Jeffrey S. Feinstein (born January 29, 1945) is a retired career officer of the United States Air Force (USAF). During the Vietnam War, Feinstein was a weapon systems officer, an integral part of two-man aircrews with the emergence of air-to-air missiles as the primary weapons during aerial combat. Flying aboard F-4 Phantom IIs, Feinstein downed five enemy aircraft, thereby becoming a flying ace, the last of five U.S. aviators to become aces during that conflict and to date still the most recent aviator to achieve ace status in the U.S. military.

Early life
Born in Chicago, Illinois, on January 29, 1945, Feinstein enlisted in the USAF in 1963 to attend the United States Military Academy Preparatory School.  He subsequently entered the United States Air Force Academy in 1964 and graduated in 1968.

Military career
Feinstein was rejected from pilot training due to  excessive myopia. He then underwent Undergraduate Navigator Training and he graduated.

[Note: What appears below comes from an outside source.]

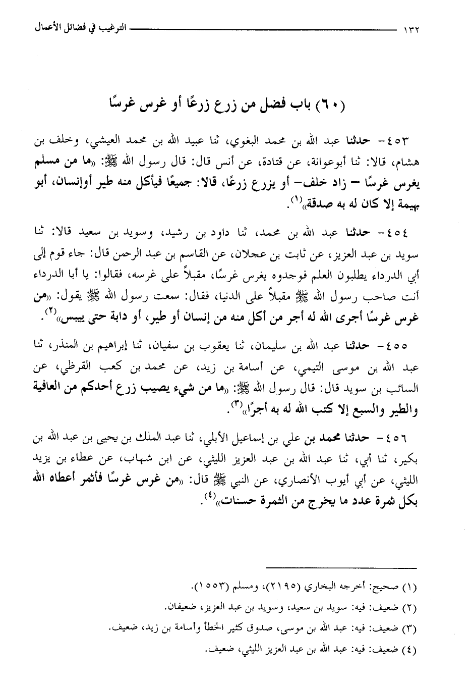 454 - حَدَّثَنَا عَبْدُ اللَّهِ بْنُ مُحَمَّدٍ، ثنا دَاوُدُ بْنُ رُشَيْدٍ، وَسُوَيْدُ بْنُ سَعِيدٍ، قَالَا: ثنا سُوَيْدُ بْنُ عَبْدِ الْعَزِيزِ، عَنْ ثَابِتِ بْنِ عَجْلَانَ، عَنِ الْقَاسِمِ بْنِ عَبْدِ الرَّحْمَنِ، قَالَ: جَاءَ قَوْمٌ إِلَى أَبِي الدَّرْدَاءِ يَطْلُبُونَ الْعِلْمَ، فَوَجَدُوهُ يَغْرِسُ غَرْسًا مُقْبِلًا عَلَى غَرْسِهِ، فَقَالُوا: يَا أَبَا الدَّرْدَاءِ، أَنْتَ صَاحِبُ رَسُولِ اللَّهِ صَلَّى اللَّهُ عَلَيْهِ وَسَلَّمَ مُقْبِلًا عَلَى الدُّنْيَا فَقَالَ: سَمِعْتُ رَسُولَ اللَّهِ صَلَّى اللَّهُ عَلَيْهِ وَسَلَّمَ يَقُولُ: §«مَنْ غَرَسَ غَرْسًا أَجْرَى اللَّهُ لَهُ أَجْرَ مَنْ أَكَلَ مِنْهُ مِنْ إِنْسَانٍ أَوْ طَيْرٍ أَوْ دَابَّةٍ حَتَّى يَيْبَسَ»

While assigned to the 80th Tactical Fighter Squadron, he was detached to the 13th Tactical Fighter Squadron, part of the 432d Tactical Reconnaissance Wing, based at Udorn Royal Thai Air Force Base, Thailand.
His actions, for which he received multiple awards of the Distinguished Flying Cross and Silver Star for his first four kills and the Air Force Cross for his fifth kill, took place prior to and during Operation Linebacker in 1972, making him a flying ace.

His nickname/tactical callsign was "Fang." Having originally been designated as an Air Force Navigator, he was given a vision waiver after Vietnam (Feinstein wore glasses to correct mild nearsightedness to 20/20).

Reassigned to the 9th Air Force staff at Shaw AFB, South Carolina in the 1990s, Feinstein also flew as Airborne Command Element Director aboard E-3 Sentry AWACS aircraft during Operations Desert Shield and Desert Storm from August 1990 to February 1991.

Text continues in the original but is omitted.